6. Limitations, Open Problems, and Future Directions

Despite empirical gains, LLM-guided proof search faces notable challenges and research opportunities:

  • Hallucination and semantic drift: LLMs may generate steps that are subtly wrong, misleading, or resource-violating. Error correction and proactive pruning mitigate but do not eliminate these issues (Drechsler, 29 May 2025).
  • Syntactic fragility and brittleness: Without normalization or rigid prompting, LLM output can suffer from high syntactic error rates, stalling downstream automation (Zhou et al., 10 Dec 2025).
  • Search complexity and step explosion: In nontrivial proofs, combinatorial branch expansion or deep nesting can overwhelm beam-search or sketch-refinement approaches.
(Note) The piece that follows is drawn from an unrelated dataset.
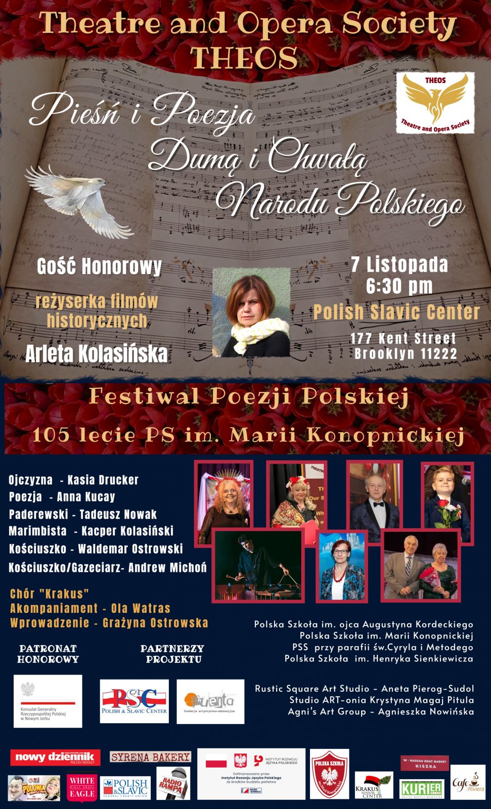 W Dniu 7 listopada o godz. 18: 30 „THEOS” – Theatre and Opera Society we współpracy z Centrum Polsko–Słowiańskim,w Galerii na 177 Kent Street, zapraszają na przedstawienie, “Pieśń i Poezja Dumą i Chwałą Narodu Polskiego – Festiwal Poezji Polskiej” pod patronatem honorowym Konsulatu Generalnego RP w Nowym Jorku. Program jest dofinansowany przez Fundację Wolność i Demokracja poprzez ogłoszony konkurs regrantingowy pn.„MINIGRANTY_2025”ze środków budżetu państwa.

Caching, linearization, and learned prioritization heuristics only partially address this bottleneck (He et al., 18 Apr 2025, Hou, 8 Jan 2026).
  • Limitation to shallow or template-based lemma invention: Most current systems employ “shallow” search; deeply inventive lemma discovery for highly non-linear proofs remains unsolved (Zhou et al., 10 Dec 2025, Lu et al., 29 Oct 2025).
  • Generalization across domains and tasks: Performance may degrade for goals far outside a system's synthetic training distribution or when ported to new logics lacking abundant training data (Lai et al., 17 May 2025, Lu et al., 29 Oct 2025).
  • Fundamental code and reasoning barriers: Even the latest LLMs (e.g., GPT 5.2, Gemini 3 Pro) struggle with complex, compositional Isar code spanning dozens of files and complex pointer-based context management (Hou, 8 Jan 2026).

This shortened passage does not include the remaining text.